_AIM OF THE EXERCISE_: Drop every picture. Then return, exactly, the lines from the beginning of the listing below through the one containing "Kırıkkale'de kontrolden çıkan".

_EXTRACTED DATA_:
-- Opening Marker --
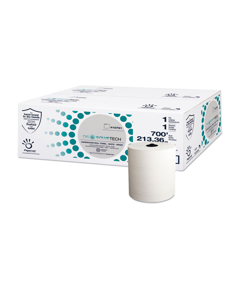 DissolveTech Paper Towel, 1-Ply, 7.5" x 700 ft, White, 6 Rolls/Carton
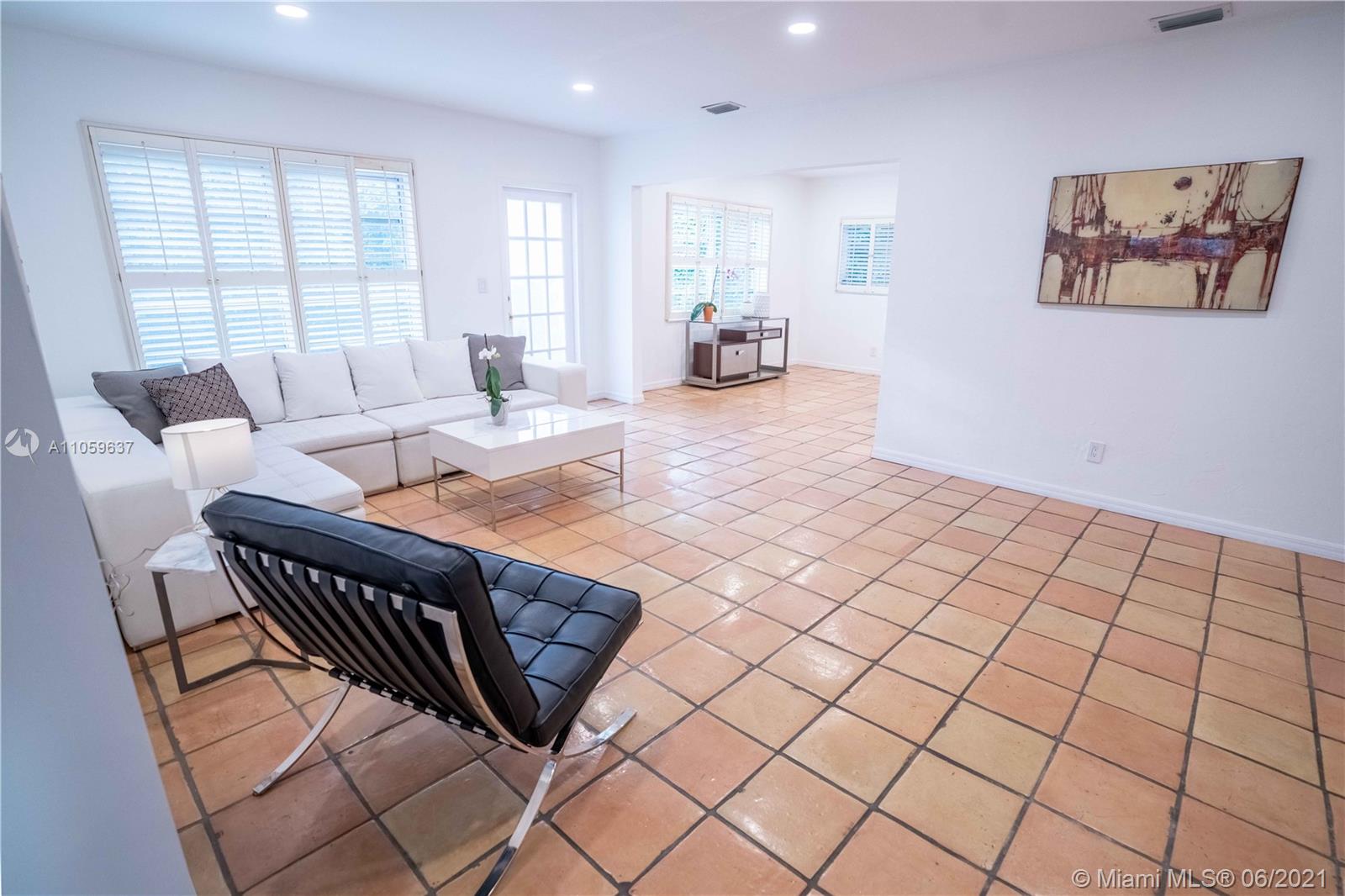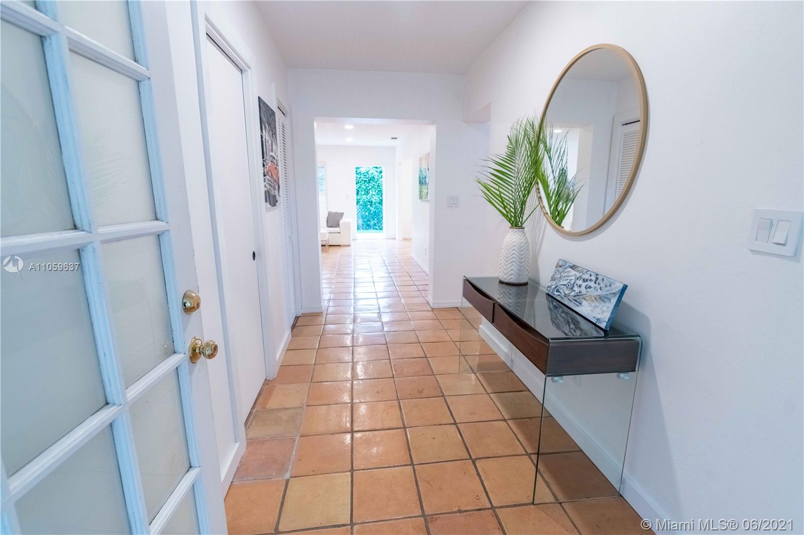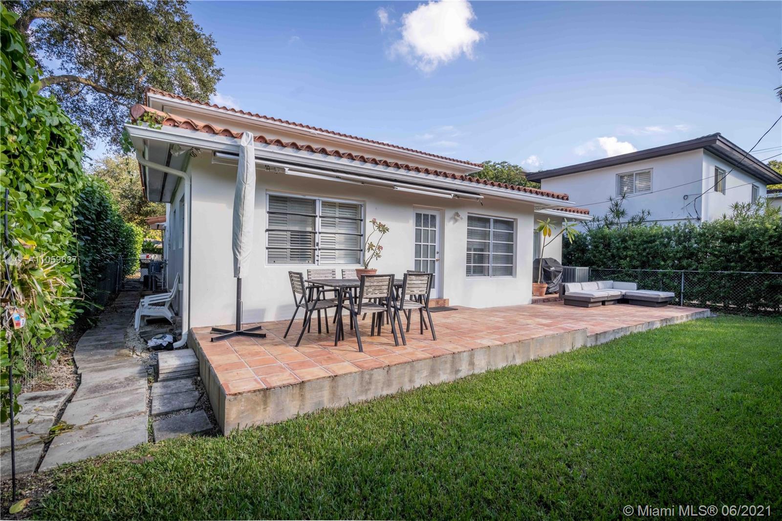 Prime location in South Gables! Nestled on a quiet tree lined street between Maynada and Cocoplum Circle, this beautiful 3bd/3bath 2 Story home is truly a great find. Home boasts a great open layout that has endless possibilities. Move in as is or renovate to make your own. Ground flr has 1 ample sized bedroom with polished Terrazzo & a tastefully updated full guest bathroom. Mexican tile in the common areas and upgraded European Oak wood floors on stairs and second story. Large upstairs Master w/ spa and walk in closet. Second bedroom upstairs has with ensuite bath. Updated electrical lighting and large windows throughout the house bring in lots of natural light. Best priced house per sq ft in the area for homes under 1M dollars. Located in #1 rated Sunset Elementary School District.
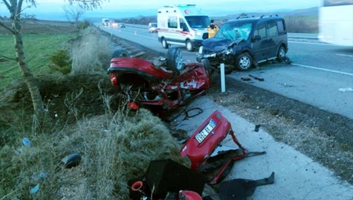Kırıkkale'de kontrolden çıkan otomobilin demir bariyerlere çarparak şarampole devrildiği kazada, karı-koca yaralandı. Kaza, Kırıkkale-Çorum D200 karayolu Yüksek Hızlı Tren İstasyonu önünde meydana geldi. Edinilen bilgiye göre, T.D. idaresindeki 06 TY 572 plakalı otomobil, sürücüsünün direksiyon hakimiyetini kaybetmesi sonucu kontrolden çıkarak demir bariyerlere çarptı. Büyük çapta maddi hasarın meydana geldiği kazada, araç sürücüsü T.D. ile eşi C.D. yaralandı. 112 Acil Çağrı Merkezi'ne yapılan ihbar üzerine olay yerine sağlık ve polis ekipleri sevk edildi. Yaralılar, olay yerinde yapılan ilk müdahalenin ardından ambulanslarla hastaneye kaldırıldı. Tedavi altına alınan iki yaralının da sağlık durumunun iyi olduğu öğrenildi. Trafik ekiplerince yapılan incelemenin ardından araç otoparka çekildi.
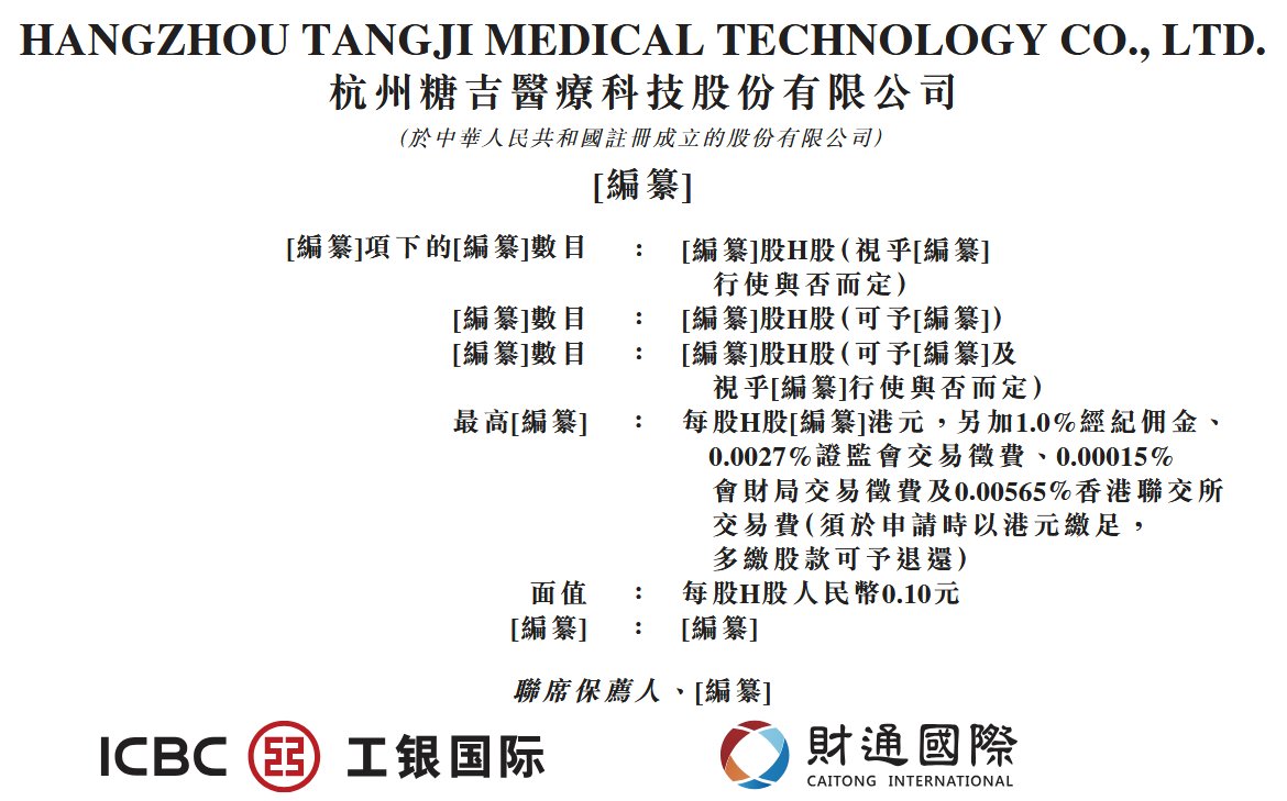 智通财经APP获悉,据港交所2月9日披露,杭州糖吉医疗科技股份有限公司(简称:糖吉医疗)向港交所 主板递交上市申请书,工银国际、财通国际为其联席保荐人。 | 纂]項下的[编纂]數目 : [编纂]股H股(視乎[编纂] | | | --- | --- | | 行使與合向定) | | | [编纂]數目 | : [编纂]股H股(可予[编纂]) | | [编纂]數目 | : [编纂]股H股(可于编纂]及 | | 視乎[编纂]行使與否而定) | | | 最高[编纂] .. | 每股H股[编纂]港元,另加1.0%經紀冊金、 | | 0.0027%證監會交易微費、0.00015% | | | 會財局交易徵費及0.00565%香港聯交所 | | | 交易費(須於申請時以港元繳足, | | | 多織股款可予想還) | | | 面值 | : 每股H股人民幣0.10元 | | 【湯養】 | : [编纂] | | 聯席保薦人 ·[编纂] | | 公司简介 招股书披露,糖吉医疗是一家立足中国的医疗器械公司,专注于为代谢性疾病的治疗及全周期管理提供 创新解决方案。公司战略构建了涵盖肥胖及代谢性疾病治疗器械与适配器械及全周期管理产品的产品管 ...
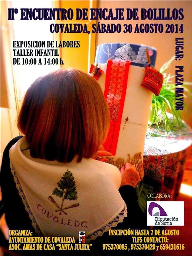 En Valga (Pontevedra) también hay encuentro de bolillos y me llama particularmente la atención porque forma parte de las actividades de celebración de la XXIV Festa da Anguía e Mostra da Caña do País. Traducido mas o menos como Fiesta de la anguila y muestra de Caño de País. Lamento deciros que no he encontrado mas información, pero si podéis ver todos los actos que se van a celebrar si pincháis el enlace. Seguro que es divertida.
-- Closing Marker --
_RESPONSE TO THE TASK_:
 DissolveTech Paper Towel, 1-Ply, 7.5" x 700 ft, White, 6 Rolls/Carton
 Prime location in South Gables! Nestled on a quiet tree lined street between Maynada and Cocoplum Circle, this beautiful 3bd/3bath 2 Story home is truly a great find. Home boasts a great open layout that has endless possibilities. Move in as is or renovate to make your own. Ground flr has 1 ample sized bedroom with polished Terrazzo & a tastefully updated full guest bathroom. Mexican tile in the common areas and upgraded European Oak wood floors on stairs and second story. Large upstairs Master w/ spa and walk in closet. Second bedroom upstairs has with ensuite bath. Updated electrical lighting and large windows throughout the house bring in lots of natural light. Best priced house per sq ft in the area for homes under 1M dollars. Located in #1 rated Sunset Elementary School District.
Kırıkkale'de kontrolden çıkan otomobilin demir bariyerlere çarparak şarampole devrildiği kazada, karı-koca yaralandı. Kaza, Kırıkkale-Çorum D200 karayolu Yüksek Hızlı Tren İstasyonu önünde meydana geldi. Edinilen bilgiye göre, T.D. idaresindeki 06 TY 572 plakalı otomobil, sürücüsünün direksiyon hakimiyetini kaybetmesi sonucu kontrolden çıkarak demir bariyerlere çarptı. Büyük çapta maddi hasarın meydana geldiği kazada, araç sürücüsü T.D. ile eşi C.D. yaralandı. 112 Acil Çağrı Merkezi'ne yapılan ihbar üzerine olay yerine sağlık ve polis ekipleri sevk edildi. Yaralılar, olay yerinde yapılan ilk müdahalenin ardından ambulanslarla hastaneye kaldırıldı. Tedavi altına alınan iki yaralının da sağlık durumunun iyi olduğu öğrenildi. Trafik ekiplerince yapılan incelemenin ardından araç otoparka çekildi.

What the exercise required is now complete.